The Best Spark in Town

Yesterday, Apache Spark v2.2.0 has been released. Excitement started a few months ago, reaching a “summit” during Spark Summit where a lot of the features got described and talked about. I mention some of those updates in the write-up of Spark Summit I shared on SlideShare.

 

Databricks has already announced its availability in their platform in their blog.

Cost-Based Optimizer

With every new releases, you have your favorite features. In Spark v2.1, it was checkpoints. In Spark v2.0, it was the generalization of the dataframe as an abstraction layer for data storage (still luv it!).

In Spark 2.2, the optimization on Catalyst by adding a cost-based optimizer is really my favorite feature. If you want to know more about this feature, I highly recommend Dr. Kazuaki Ishizaki’s talk from Spark Summit. Some key takeaways include:

  • Java storage is expensive, Tungsten made it a lot more efficient.
  • Auto-boxing is crazy expensive. Avoid it.
  • Java seems more efficient than Scala. Ok, this one is really personal :).

Spark Java Cookbook for Spark v2.2

I updated my Spark Java Cookbook in GitHub to Spark v2.2. Note that I now use branches per Spark version. So far everything runs, but I have not double-checked everything…

 


For your convenience, I copied and edited the release notes here. The original document is on the Apache Spark website.

Release Notes

Apache Spark 2.2.0 is the third release on the 2.x line. This release removes the experimental tag from Structured Streaming. In addition, this release focuses more on usability, stability, and polish, resolving over 1100 tickets.

To download Apache Spark 2.2.0, visit the downloads page. You can consult JIRA for the detailed changes.
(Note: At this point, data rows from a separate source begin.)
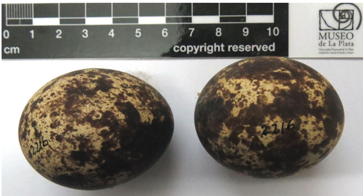
Figura 5: huevos de Caracolero Rostrhamus sociabilis colectados por Pablo Girard en Manchalá, Tucumán.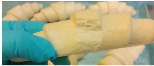
สินค้าแตก/หัก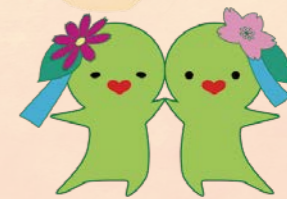
ふくちゃん・きたちゃん 北区社会福祉協議会マスコットキャラクター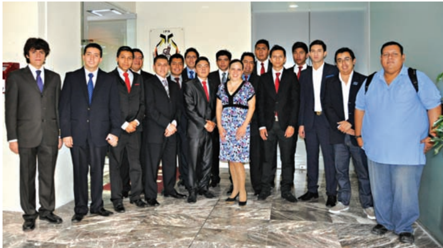
Se presentaron 18 proyectos politécnicos de los niveles medio superior, superior y posgrado

El Instituto Politécnico Nacional (IPN) y la Secretaría de Ciencia, Tecnología e Innovación del Distrito Federal (SECITI) establecieron las bases para generar el Programa Institucional de Apoyo a Emprendimientos Tecnológicos en Etapas Tempranas.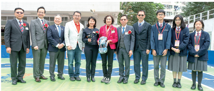
▲學生義工向嘉賓介紹人工智能遙控車的簡單結構，與嘉賓一同分享創科樂趣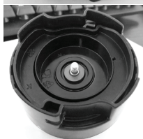
2. Сзади наденьте коричневую прокладку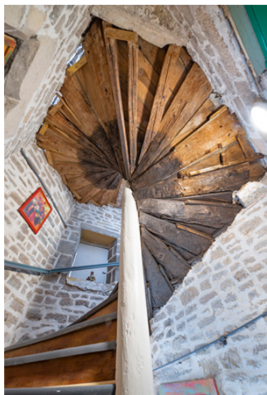
Escalier en vis (entrée n°1 cour des Halles). Vue en contre-plongée. IVR43_20233900091NUC4A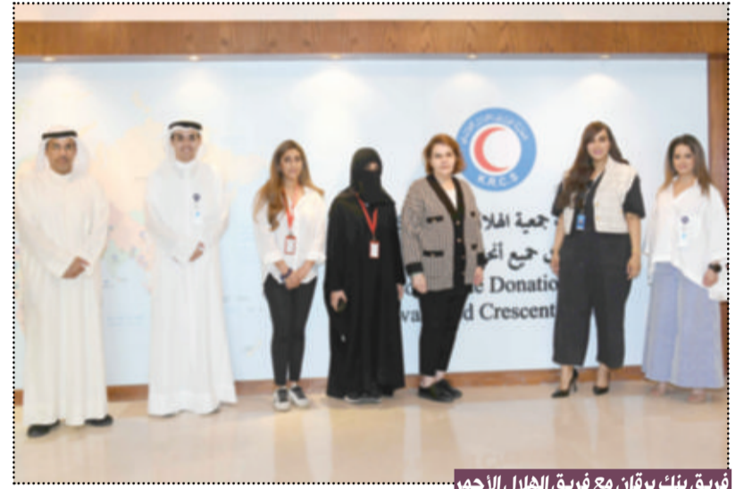
فريق بنك برقان مع فريق الهلال الأحمر

التزاماً ببرنامج المسؤولية الاجتماعية للشركات خلال شهر رمضان المبارك، هذا العام، يجتهد بنك برقان بالتعاون مع جمعية الهلال الأحمر الكويتي من خلال تنظيم مبادرة توزيع سلات غذائية رمضان، وذلك بهدف ترسيخ قيم التكافل والعطاء والرحمة في المجتمع. وينطلق هذا العمل الإنساني تحت مظلة الشراكة الاستراتيجية الراسخة بين البنك وجمعية الهلال الأحمر الكويتي، والهادفة إلى دعم الأسر المتعففة في مواجهة التحديات المعيشية. وتضمن هذه الحملة مشاركة مجموعة من فريق بنك برقان بتوزيع سلات غذائية رمضان متكاملة على العائلات في مختلف مناطق الكويت، لمدة يومين، إلى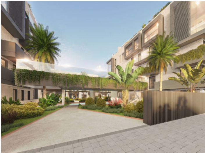
Zugang zum Gebäude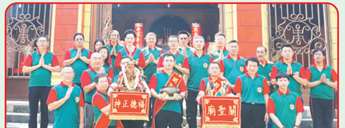
Pengurus Yayasan Tri Setia Bakti Semarang berfoto bersama umat dan simpatisan, sebelum Kimsien YM Hok Tek Tjing Sien di berangkatkan duduk kembali ke Altar Hok Siu Bio.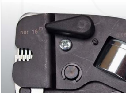
poloha páčky pro krimpování 16 mm 2 (pouze u kleští ASTON X16)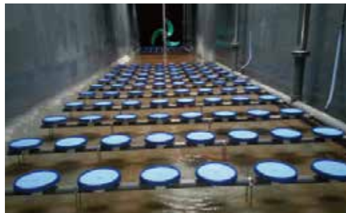
大亚湾西区污水处理厂，中国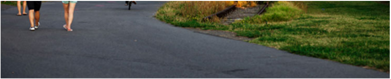
Eingang in den rechts gelegenen künftigen Stadtteilgarten

Auf etwa 2.000 qm Fläche unweit des Eingangs Tempelhofer Damm ist die Umsetzung eines städtischen Gartens empfohlen worden, der zu den üblichen Öffnungszeiten des Feldes öffentlich zugänglich ist und als „Stadtteilgarten“ neben Möglichkeiten zum Mitgärtnern und Mitgestalten für Tempelhofer Nachbar*innen insbesondere individuelle Teilhabe für Menschen mit Behinderung und besonderen Bedürfnissen umsetzen wird. Unter der Überschrift „Soziale Landwirtschaft“ werden dazu barrierearme Lösungen und Möglichkeiten zu individueller Teilhabe gemeinsam entwickelt.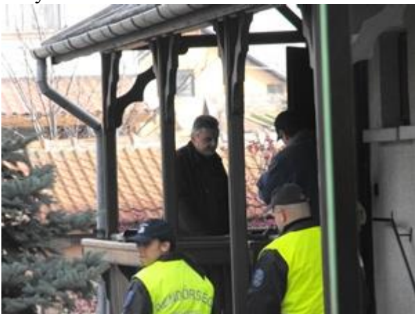
Az ő háza, az ő vára, az ő rendőrsége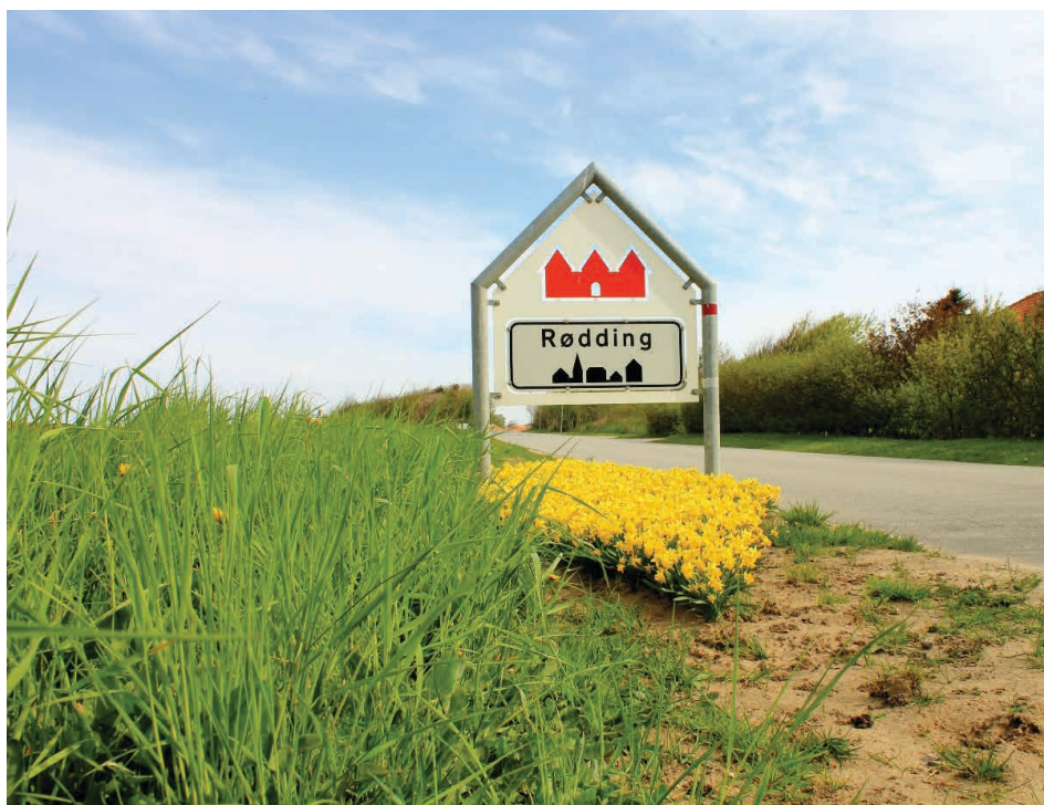
Rødning – æblets by i Salling bobler af aktiviteter. Foto: Hanne Tanvig

Kilder: www.rodningby.dk og www.youtube.com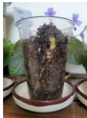
Chaque sœur a reçu des graines de haricot et est responsable du soin de sa plante, partageant sa réflexion personnelle sur le soin de la création.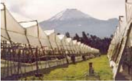
ビニルを張った木造のハウスで、遠くにCotopaxi山がみえる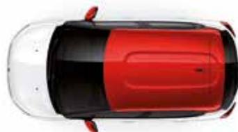
Two Tone Sport Red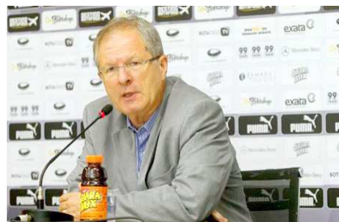
Botafogo busca garantias para disputar o Campeonato Carioca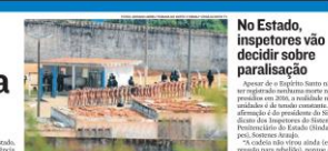
Rebelião em presídio deixa 26 mortos

Alguns presos foram decapitados e outros esmagados por veículos pesados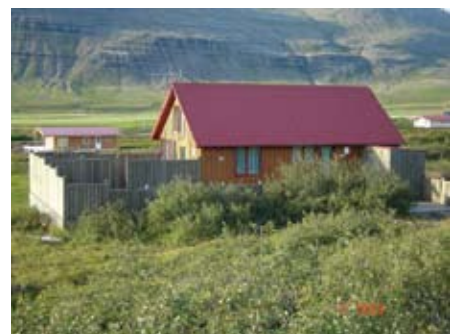
Bláskógar 12 Svínadal.

Stjórn orlofssjóds hefur kappkostað á undanförunum árum að sinna eðlilegu viðhaldi og umbótum orlofshúsa félagsins. Nú standa yfir stórframkvæmdir í bústöðum félagsins í Svínadal og Hraunborgum þar sem skipt verður um eldhúsinnréttingar og gólfefni. Vonast er til að framkvæmdum ljúki fljótlega. Síðastliðið sumar var samið við Björgunarfélag Akraness um að mála bústaði félagsins og voru húsin í Svínadal og Húsafelli máluð og pallarnir lakkaðir.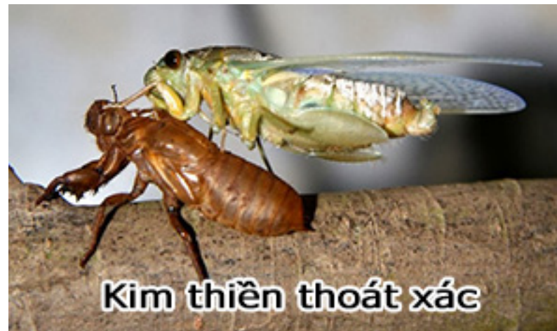
Kim thiên thoát xác

+ Diễn cố: Trong Trận Phì Thủy, sau khi nhận thấy quân Tần rối loạn sau đợt tấn công phủ đầu của quân Tấn, Tạ Huyền quyết định tận dụng thời cơ tung toàn lực tấn công, kết quả là quân Tần đại bại dù đông quân gấp 10 lần quân Tấn.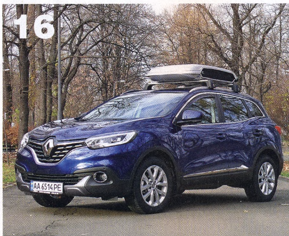
Renault Kadjar появится у нас только во втором полугодии, но удержаться от искушения попробовать машину в деле мы не смогли. Очень уж нетипичный Renault получился!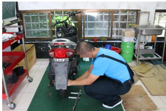
機器腳踏車修護班上課照片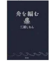
『舟を編む』 三浦 しをん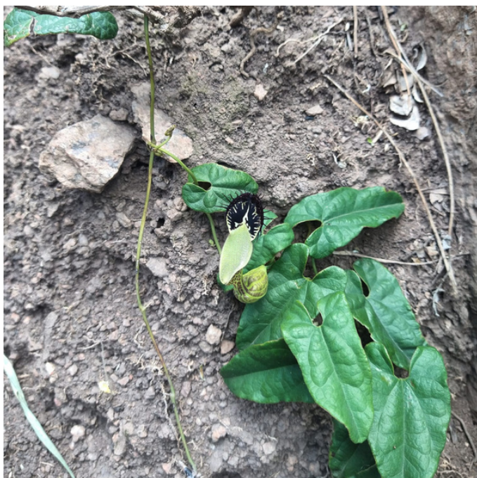
Planta carnívora difícil de ser encontrada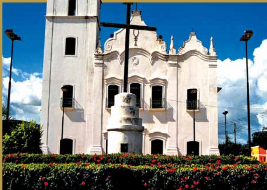
>> Igreja do Rosário

tado o Núcleo de Música, que atende crianças e jovens e tem como meta fortalecer bandas locais e estimular a memória da música local.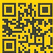
徐月蘭基金會臉書粉絲專頁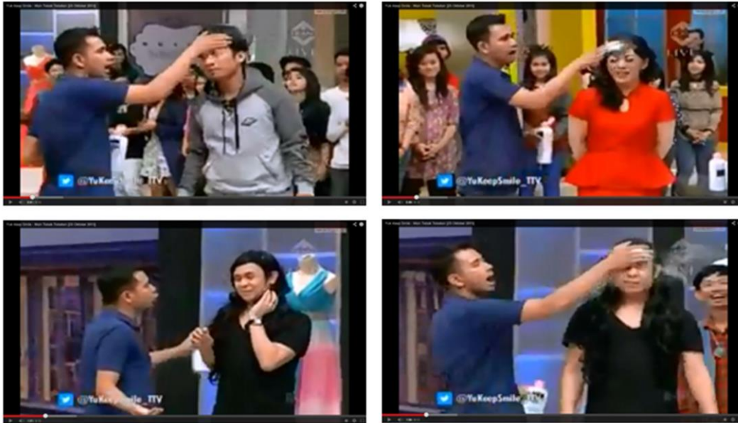
Gambar 3: Yuk Keep Smile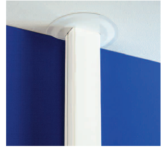
Takanslutning vägg R Takanslutning intill en vägg som ger en dekorativ anslutning mot tak och döljer takgenomgången. Finns i vitt.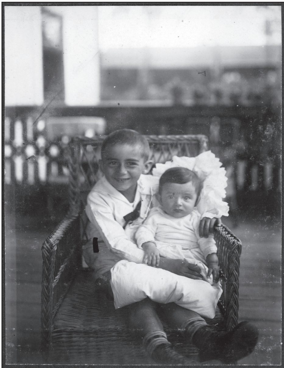
1928. május – Félévesen a bátyám ölében a kerti teraszon.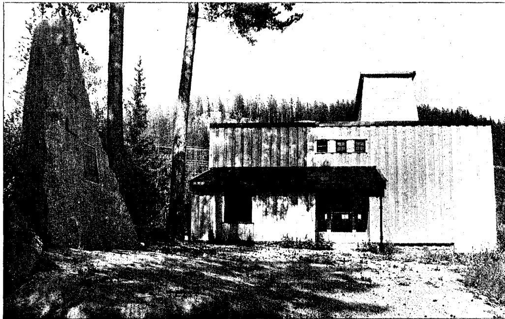
STÅR KLART: Utvendig står bygningen klar. HV har teke den eine halvdel i bruk - no manglar vel eitpar hundre tusen for å få ferdig det skal bli krigsmuseum-delen.

- Vi vonar det skal lukkast å få til eit museum som kan fortelje om det som skjedde i krigens da-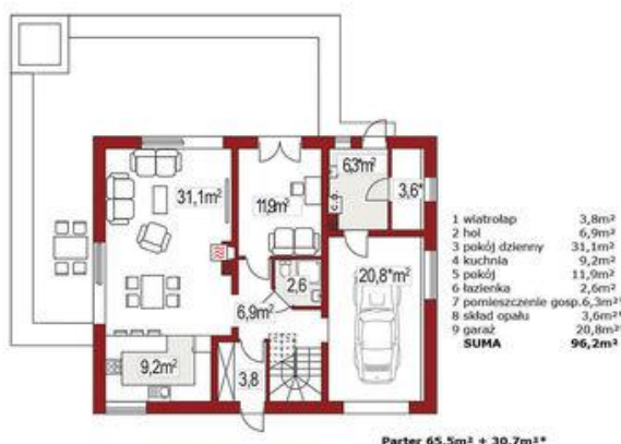
Parter 65,5m 2 + 30,7m 2 *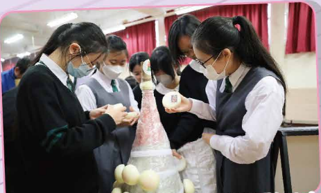
同心協力砌出長洲太平清醮的小型「包山」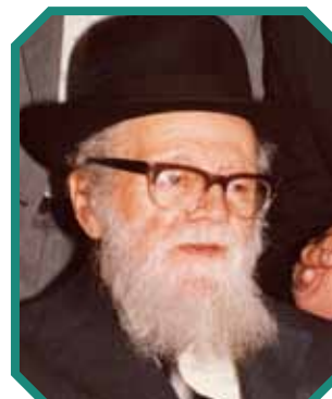
הרב שאול ישראלי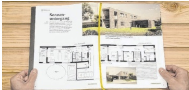
Stolz präsentiert m-haus das neue Handbuch auf der Messe in Wels

Die m-haus Hausdesigner präsentieren das druckfrische m-haus Handbuch: 37 perfekt durchdachte und mit viel Liebe zum Detail und zur Architektur entwickelte Entwürfe stehen für Holzliebhaber bereit. Auf über 160 Seiten zeigt das Waldinger Familienunternehmen, wie es seit Jahrzehnten architektonisch anspruchsvolle und ökologische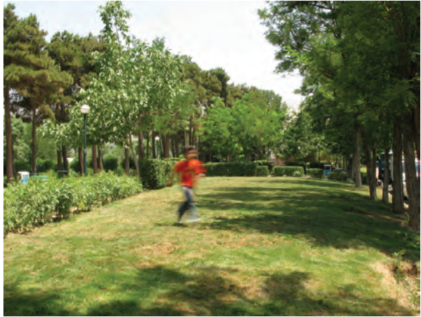
تصویر ۱۲-۵- حرکت مایل نسبت به دوربین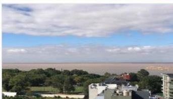
VICENTE LOPEZ Depto 3 Amb.

Vista al río!!! Refaccionado, 2 dormitorios, balcon con cerramiento, muy luminoso, (DEPA2034)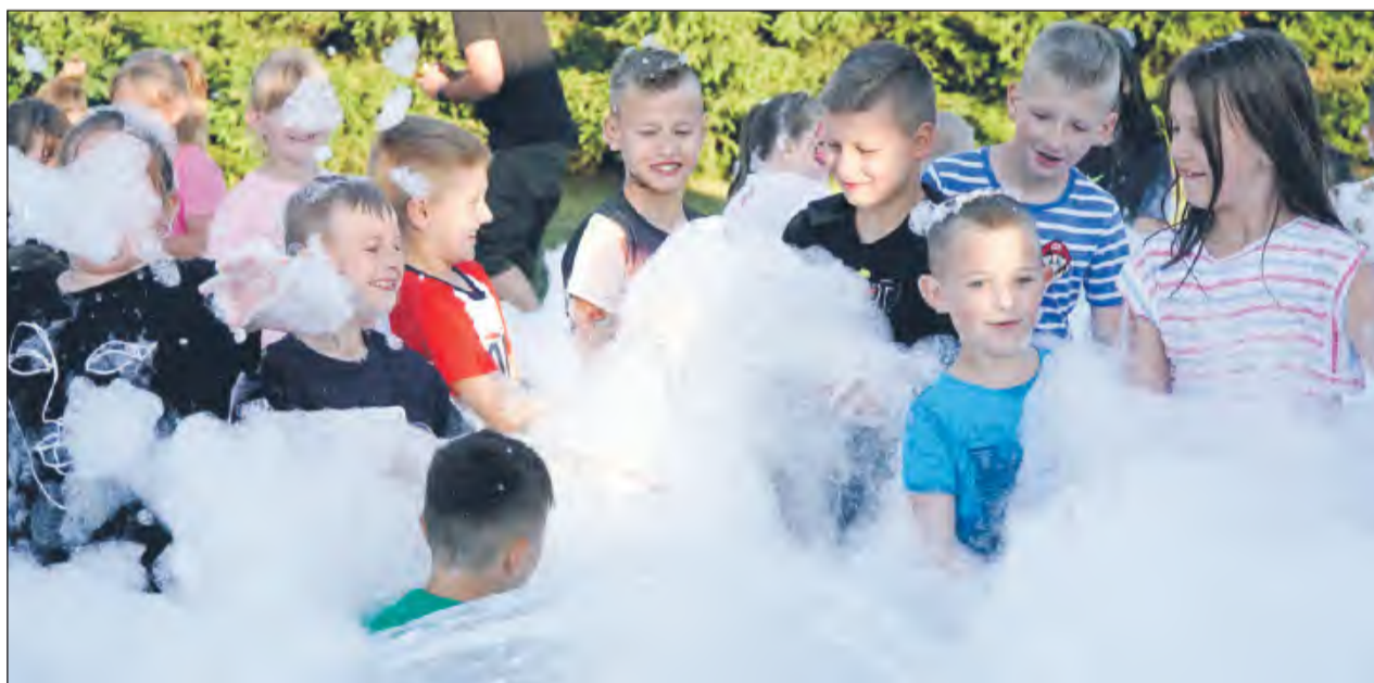
☛ Jedną z głównych atrakcji dla dzieci była „piana party”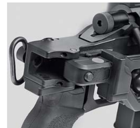
Шарнир приклада «Хайнеля» (верхний снимок) проще по устройству, но в английском варианте присутствует даже возможность регулировки, позволяющей устранить влияние износа деталей при интенсивной эксплуатации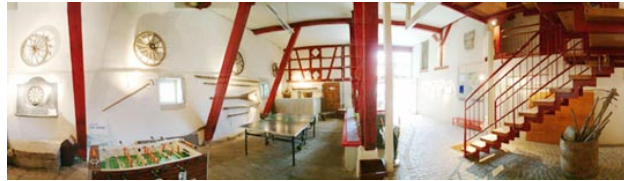
Eingangsbereich / Foyer

Im Vordergebäude sind neben dem Salon „Tinguely“ Küche und Speiseraum/Gaststube untergebracht.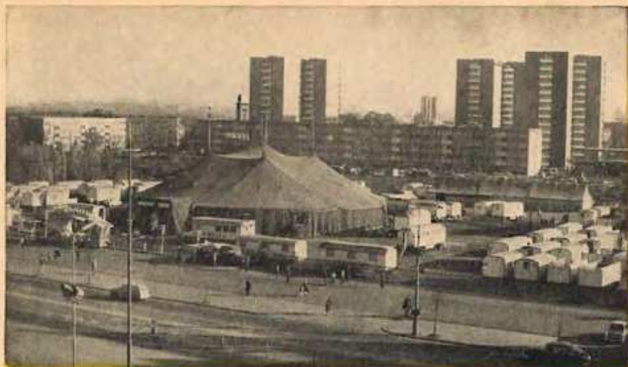
Cirkus BEROLINA v roce 1968 v Ostravě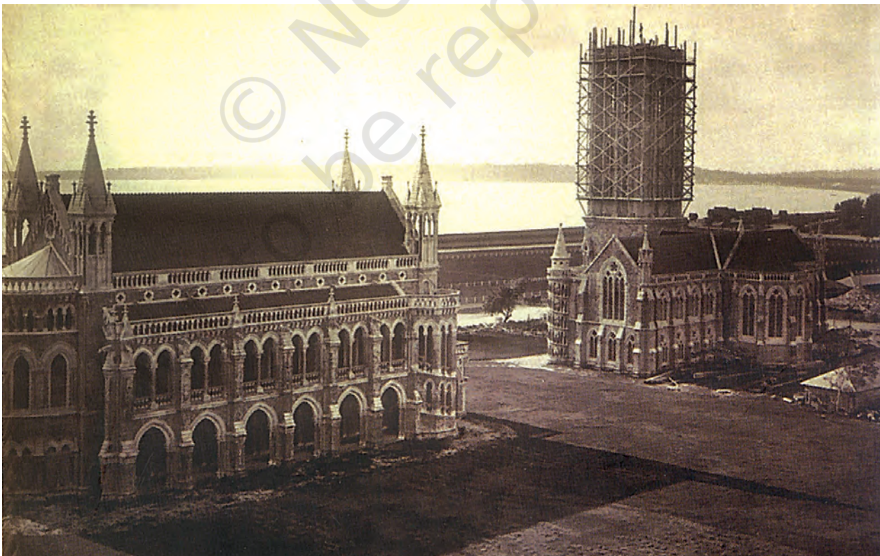
चित्र 5 - उन्नीसवीं सदी में बम्बई विश्वविद्यालय।

कल्पना कीजिए कि आप 1850 के दशक में जी रहे हैं। आपने वुड के नीतिपत्र (वुड्स डिस्पैच) के बारे में सुना है। इसके बारे में अपनी प्रतिक्रियाएँ लिखिए।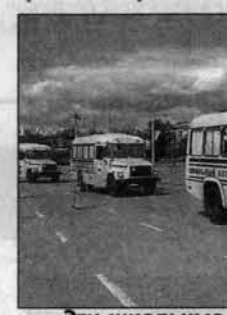
Эти школьные автобусы прибудут в пять районов и в краевую школу для слабослышащих детей.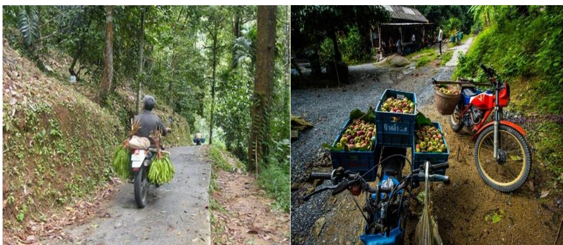
ภาพที่ 3 รถจักรยานยนต์นำผลไม้ขึ้น – ลง เขา ที่มา : ถ่ายโดยผู้วิจัย เมื่อวันที่ 25 มีนาคม 2561

จากเสียงคำบอกเล่าจากผู้ให้สัมภาษณ์ที่หลากหลายเหล่านี้ เป็นการแสดงให้เห็นว่าในช่วงราว ปี พ.ศ. 2505 – 2530 จะเห็นได้ว่า ชาวชุมชนศรีวัง มีวิถีชีวิตแบบเรียบง่าย มีการดำเนินชีวิตแบบพึ่งพาอาศัยกัน เป็นชุมชนที่มีสัมพันธ์กันอย่างใกล้ชิดกับธรรมชาติ เพราะอาศัยพึ่งพิงธรรมชาติในการดำรงชีวิต มีความสัมพันธ์กันอย่างใกล้ชิด ความสัมพันธ์แบบญาติพี่น้อง มีการอยู่ร่วมกันช่วยเหลือและพึ่งพาอาศัยกันและกันตลอดทั้งติดต่อระหว่างกันอย่างใกล้ชิด มีการติดต่อสัมพันธ์กันกับชุมชนอื่น จะเห็นได้จากว่า มีการนำผลหมากรากไม้ ขนส่งทางเรือไปแลกเปลี่ยนกับกะปิ กุ้ง ปลา ของชาวเล หรือชาวปากพนัง ชาวหัวไทร ซึ่งการล่องเรือไปแลกเปลี่ยนของกันนั้น จะนิยมไปกันพร้อมๆกัน เนื่องจากเส้นทางการเดินทางนั้น ต้องผ่านเกาะ แก่งต่างๆ น้ำลึกและเชี่ยวกราด และในช่วงระยะเวลานั้น ชาวบ้านก็ยังมีการรวมกลุ่มกัน แต่เป็นการรวมกลุ่มกันช่วยเหลืองานวัด ไม่ว่าจะเป็นการสร้างอุโบสถ งานบุญทอดผ้าป่า ทอดกฐิน งานบวช งานศพ สิ่งเหล่านี้จึงสื่อให้เห็นถึงความผูกพันสามัคคีกลมเกลียวกันของชาวบ้านศรีวังตั้งแต่ในอดีตจนมาถึงปัจจุบัน

We have curated a list of high level changes here, grouped by major modules.

Core and Spark SQL

  • API updates
    • SPARK-19107: Support creating hive table with DataFrameWriter and Catalog
    • SPARK-13721: Add support for LATERAL VIEW OUTER explode()
    • SPARK-18885: Unify CREATE TABLE syntax for data source and hive serde tables
    • SPARK-16475: Added Broadcast Hints BROADCAST, BROADCASTJOIN, and MAPJOIN, for SQL Queries
    • SPARK-18350: Support session local timezone
    • SPARK-19261: Support ALTER TABLE table_name ADD COLUMNS
    • SPARK-20420: Add events to the external catalog
    • SPARK-18127: Add hooks and extension points to Spark
    • SPARK-20576: Support generic hint function in Dataset/DataFrame
    • SPARK-17203: Data source options should always be case insensitive
    • SPARK-19139: AES-based authentication mechanism for Spark
  • Performance and stability
    • Cost-Based Optimizer
      • SPARK-17075 SPARK-17076 SPARK-19020 SPARK-17077 SPARK-19350: Cardinality estimation for filter, join, aggregate, project and limit/sample operators
      • SPARK-17080: Cost-based join re-ordering
      • SPARK-17626: TPC-DS performance improvements using star-schema heuristics
    • SPARK-17949: Introduce a JVM object based aggregate operator
    • SPARK-18186: Partial aggregation support of HiveUDAFFunction
    • SPARK-18362 SPARK-19918: File listing/IO improvements for CSV and JSON
    • SPARK-18775: Limit the max number of records written per file
    • SPARK-18761: Uncancellable / unkillable tasks shouldn’t starve jobs of resources
    • SPARK-15352: Topology aware block replication
  • Other notable changes
    • SPARK-18352: Support for parsing multi-line JSON files
    • SPARK-19610: Support for parsing multi-line CSV files
    • SPARK-21079: Analyze Table Command on partitioned tables
    • SPARK-18703: Drop Staging Directories and Data Files after completion of Insertion/CTAS against Hive-serde Tables
    • SPARK-18209: More robust view canonicalization without full SQL expansion
    • SPARK-13446: [SPARK-18112] Support reading data from Hive metastore 2.0/2.1
    • SPARK-18191: Port RDD API to use commit protocol
    • SPARK-8425:Add blacklist mechanism for task scheduling
    • SPARK-19464: Remove support for Hadoop 2.5 and earlier
    • SPARK-19493: Remove Java 7 support

Programming guides: Spark RDD Programming Guide and Spark SQL, DataFrames and Datasets Guide.

Structured Streaming

  • General Availablity
    • SPARK-20844: The Structured Streaming APIs are now GA and is no longer labeled experimental
  • Kafka Improvements
    • SPARK-19719: Support for reading and writing data in streaming or batch to/from Apache Kafka
    • SPARK-19968: Cached producer for lower latency kafka to kafka streams.
  • API updates
    • SPARK-19067: Support for complex stateful processing and timeouts using [flat]MapGroupsWithState
    • SPARK-19876: Support for one time triggers
  • Other notable changes
    • SPARK-20979: Rate source for testing and benchmarks

Programming guide: Structured Streaming Programming Guide.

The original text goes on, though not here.